[INFORMATION SUPPLIED]
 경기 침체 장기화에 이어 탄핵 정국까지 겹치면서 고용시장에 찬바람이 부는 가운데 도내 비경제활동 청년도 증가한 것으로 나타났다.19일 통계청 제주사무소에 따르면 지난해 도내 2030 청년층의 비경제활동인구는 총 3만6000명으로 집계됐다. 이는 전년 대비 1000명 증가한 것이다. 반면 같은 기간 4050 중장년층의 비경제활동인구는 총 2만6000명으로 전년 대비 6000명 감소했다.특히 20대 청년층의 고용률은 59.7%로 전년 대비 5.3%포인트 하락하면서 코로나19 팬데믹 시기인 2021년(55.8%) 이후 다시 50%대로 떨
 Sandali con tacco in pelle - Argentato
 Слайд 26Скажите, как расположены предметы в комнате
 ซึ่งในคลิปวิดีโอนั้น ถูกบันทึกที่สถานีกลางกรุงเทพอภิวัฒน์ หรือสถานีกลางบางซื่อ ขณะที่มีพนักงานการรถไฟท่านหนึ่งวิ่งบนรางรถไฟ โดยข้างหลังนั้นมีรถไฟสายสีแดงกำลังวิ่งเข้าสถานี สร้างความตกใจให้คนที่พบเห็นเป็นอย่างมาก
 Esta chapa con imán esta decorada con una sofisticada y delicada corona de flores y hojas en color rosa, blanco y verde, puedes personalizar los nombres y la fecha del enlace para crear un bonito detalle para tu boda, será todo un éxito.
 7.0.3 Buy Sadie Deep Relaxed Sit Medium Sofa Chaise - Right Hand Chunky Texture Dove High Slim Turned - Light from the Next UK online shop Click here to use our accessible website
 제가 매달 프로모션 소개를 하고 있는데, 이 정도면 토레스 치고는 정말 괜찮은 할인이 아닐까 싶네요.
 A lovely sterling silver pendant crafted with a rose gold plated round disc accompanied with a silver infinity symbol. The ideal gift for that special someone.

...

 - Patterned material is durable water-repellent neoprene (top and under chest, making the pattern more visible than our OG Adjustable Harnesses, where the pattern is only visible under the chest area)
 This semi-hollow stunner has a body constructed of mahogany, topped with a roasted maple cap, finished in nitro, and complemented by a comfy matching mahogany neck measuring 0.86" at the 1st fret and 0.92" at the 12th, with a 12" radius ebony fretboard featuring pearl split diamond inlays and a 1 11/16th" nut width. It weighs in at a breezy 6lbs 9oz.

[ACTIVITY] Looking at the data above, write out exactly the lines that start at the one containing "Слайд 26Скажите, как" and end at the one containing "A lovely sterling"; include both and nothing beyond.

[REPLY TO THE EXERCISE]
 Слайд 26Скажите, как расположены предметы в комнате
 ซึ่งในคลิปวิดีโอนั้น ถูกบันทึกที่สถานีกลางกรุงเทพอภิวัฒน์ หรือสถานีกลางบางซื่อ ขณะที่มีพนักงานการรถไฟท่านหนึ่งวิ่งบนรางรถไฟ โดยข้างหลังนั้นมีรถไฟสายสีแดงกำลังวิ่งเข้าสถานี สร้างความตกใจให้คนที่พบเห็นเป็นอย่างมาก
 Esta chapa con imán esta decorada con una sofisticada y delicada corona de flores y hojas en color rosa, blanco y verde, puedes personalizar los nombres y la fecha del enlace para crear un bonito detalle para tu boda, será todo un éxito.
 7.0.3 Buy Sadie Deep Relaxed Sit Medium Sofa Chaise - Right Hand Chunky Texture Dove High Slim Turned - Light from the Next UK online shop Click here to use our accessible website
 제가 매달 프로모션 소개를 하고 있는데, 이 정도면 토레스 치고는 정말 괜찮은 할인이 아닐까 싶네요.
 A lovely sterling silver pendant crafted with a rose gold plated round disc accompanied with a silver infinity symbol. The ideal gift for that special someone.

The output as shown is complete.